Topic: ∃∀∃ statements in geometric logic

Morgan Rogers (he/him) (Apr 07 2022 at 12:32):

A fragment of logic often considered in topos theory is geometric logic. A geometric theory is based on a signature as one might expect (one may have finitary relation symbols, function symbols, or both), and we are allowed to construct formulae by finitary conjunctions, existentials, and arbitrary ("small") disjunctions [note that disjunctions and conjunctions aren't allowed to be dependent here]. Axioms of a geometric theory are "sequents", taking the form $\phi \vdash_{\vec{x}} \psi$, where $\phi,\psi$ are geometric formulas and $\vec{x}$ is a 'context' containing all of the free variables (with types consisting of sorts) appearing in $\phi$ or $\psi$. The intended interpretation of this is "for all possible values of the variables in $\vec{x}$, if $\phi$ holds, then $\psi$ holds".

Since the formulas are allowed to be built with existential quantifiers but not universal quantifiers, this generally enables us to construct formulae presenting first order (infinitary) ∀∃ statements. However, extending these to ∃∀∃ statements seems impossible in general.

Consider, for example, the theory of categories (this is an essentially algebraic theory, and considering it as such we will only build the 1-category of categories as models of the theory in Set). An extension of this theory is the theory of categories having a terminal object. If we expand the signature for the theory of categories to include the terminal object as a constant, we have no problem expressing this as a geometric theory. However, the result is the theory of categories with a chosen terminal object. If I want to present the theory of categories with an unspecified terminal object, I need an ∃∀∃ statement, "there exists an object $t$ such that for all objects there exists a unique morphism from that object to $t$". Is it possible to express this in geometric logic?

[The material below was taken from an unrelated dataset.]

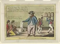A more negative portrayal of John Bull occurred in the cartoons drawn by the Egyptian nationalist journalist Yaqub Sanu in his popular underground newspaper Abu-Naddara Zarqa in the late 19th and early 20th centuries.[6] Sanu's cartoons depicted John Bull as a coarse, ignorant drunken bully who pushed around ordinary Egyptians while stealing all the wealth of Egypt.[6] Much of Sanu's humor revolved around John Bull's alcoholism, his crass rudeness, his ignorance about practically everything except alcohol, and his inability to properly speak French (the language of the Egyptian elite), which he hilariously mangled unlike the Egyptian characters who spoke proper French.[7]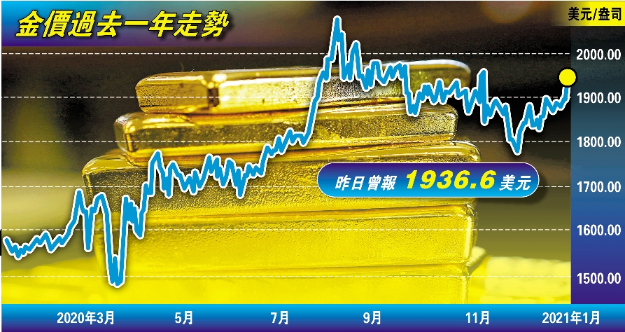 踏入第三季,金價更現突破,且越升越有,單是7月升幅便達11%,創下2012年以來最大單月升幅,直迫每盎司2000美元。至8月初正式攻破每盎司2000美元關,高見每盎司2073美元,創下歷史新高。不過,金價創新高後「高處不勝寒」,去年8月中旬以來反覆回落,一度低見每盎司1760美元水平,足足較高位調整15%。不過,去年12月起反覆回升,截至昨日傍晚,在每盎司1930美元水平。分析普遍認為,金價此輪調整,主要與疫苗面世令避險需求下降,經濟復蘇預期升溫,以及黃金消費需求疲弱等有關。

The reason I suspect this should be the case is that there is a localic geometric morphism from the classifying topos for "categories with a terminal object" to the classifying topos for categories. The surjection-inclusion factorization of this morphism produces a subtopos of the latter topos, which classifies a quotient of the theory of categories (a theory obtained by just adding axioms); this subtopos is the minimal subtopos such that every category with a chosen terminal object has a classifying morphism (as a category, ignoring the chosen terminal object) which factors through the subtopos. First-glance intuition says that this subtopos should classify the theory of categories having an unspecified terminal object!
On the other hand, it being possible might amount to the claim that given a category with at least one terminal object I can always choose one, which taken altogether looks like an unreasonable choice principle. Any suggestions?

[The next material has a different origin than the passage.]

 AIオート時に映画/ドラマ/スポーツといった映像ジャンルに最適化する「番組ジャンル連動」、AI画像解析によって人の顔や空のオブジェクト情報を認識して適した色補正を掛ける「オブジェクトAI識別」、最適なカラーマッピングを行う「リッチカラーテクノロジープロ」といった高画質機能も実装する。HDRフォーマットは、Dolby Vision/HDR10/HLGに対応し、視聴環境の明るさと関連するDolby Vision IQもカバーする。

David Michael Roberts (Apr 07 2022 at 13:05):

The category C having a terminal object is expressible as the functor from C to 1 having a right adjoint functor. You could instead express it as the existence of a right adjoint anafunctor, which amounts to a functor from a contractible groupoid such that (condition). Not completely sure it would help, but anafunctors were invented to de-choiceify operations defined only up to unique isomorphism via a universal property (eg binary products: having a product functor amounts to choosing a product for each pair, etc etc).

Another idea is to get a fibrational description, a la Bénabou. Maybe Streicher's notes on fibrations (on the arXiv) has a working definition. Can't think offhand what the quantifier complexity is for a cartesian lift to exist, though.

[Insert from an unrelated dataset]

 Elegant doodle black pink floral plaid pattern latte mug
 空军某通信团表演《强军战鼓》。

Last, the inner existential is in this case more like $\exists !$, which means you can treat the $\forall \exists$ more like an operation. I'd personally think of the first existential in terms of internal logic/stack semantics, which means passing up a surjection, which feels very geometric to me. If you are thinking about $\exists \forall \exists$ more generally, though this won't help.

Graham Manuell (Apr 07 2022 at 13:07):

Here's a possible solution. Consider the theory of categories with an additional unary relation (i.e. subobject) R of the type of objects. Add an axiom that says every element of R is terminal and another saying that R is inhabited.

Graham Manuell (Apr 07 2022 at 13:16):

I think this approach should actually work for all $\exists\forall\exists$ statements.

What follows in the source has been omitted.